NCT05629637 · Status: COMPLETED · Phase: NA · Type: INTERVENTIONAL · Enrollment: 20

Last updated 2024-11-12

No results posted yet for this study

Summary

Rural law enforcement officers (LEOs) are exposed to unique and significant stressors, yet have access to fewer resources, compared to urban counterparts, to mitigate harmful effects of stress. This elevates risk for maladaptive coping strategies such as problematic alcohol use, mental health consequences, and aggression and excessive use of force.
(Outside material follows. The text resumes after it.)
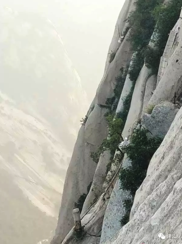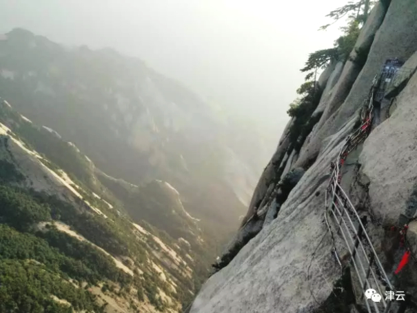 长空栈道位于南峰绝壁之上,被称为华山天险之首。此处海拔约2070米,和华山最高峰南峰的2154.9米海拔相差还不到100米,站在栈道入口处一侧的小平台上,旁边即是垂直陡削的悬崖峭壁,用万丈深渊形容也不为过,连素来不恐高的记者往下望去也不禁双腿发软。

The proposed supplement will assess feasibility and accessibility of Mindfulness-Based Resilience Training (MBRT), with added intervention components addressing alcohol use, in under-resourced rural LEOs to ensure success in a future multisite efficacy trial assessing effects of MBRT on mental health and behavioral outcomes.

Conditions

  • Problem Drinking
  • Aggression
  • Stress, Psychological

Interventions

BEHAVIORAL

Mindfulness-Based Resilience Training (MBRT)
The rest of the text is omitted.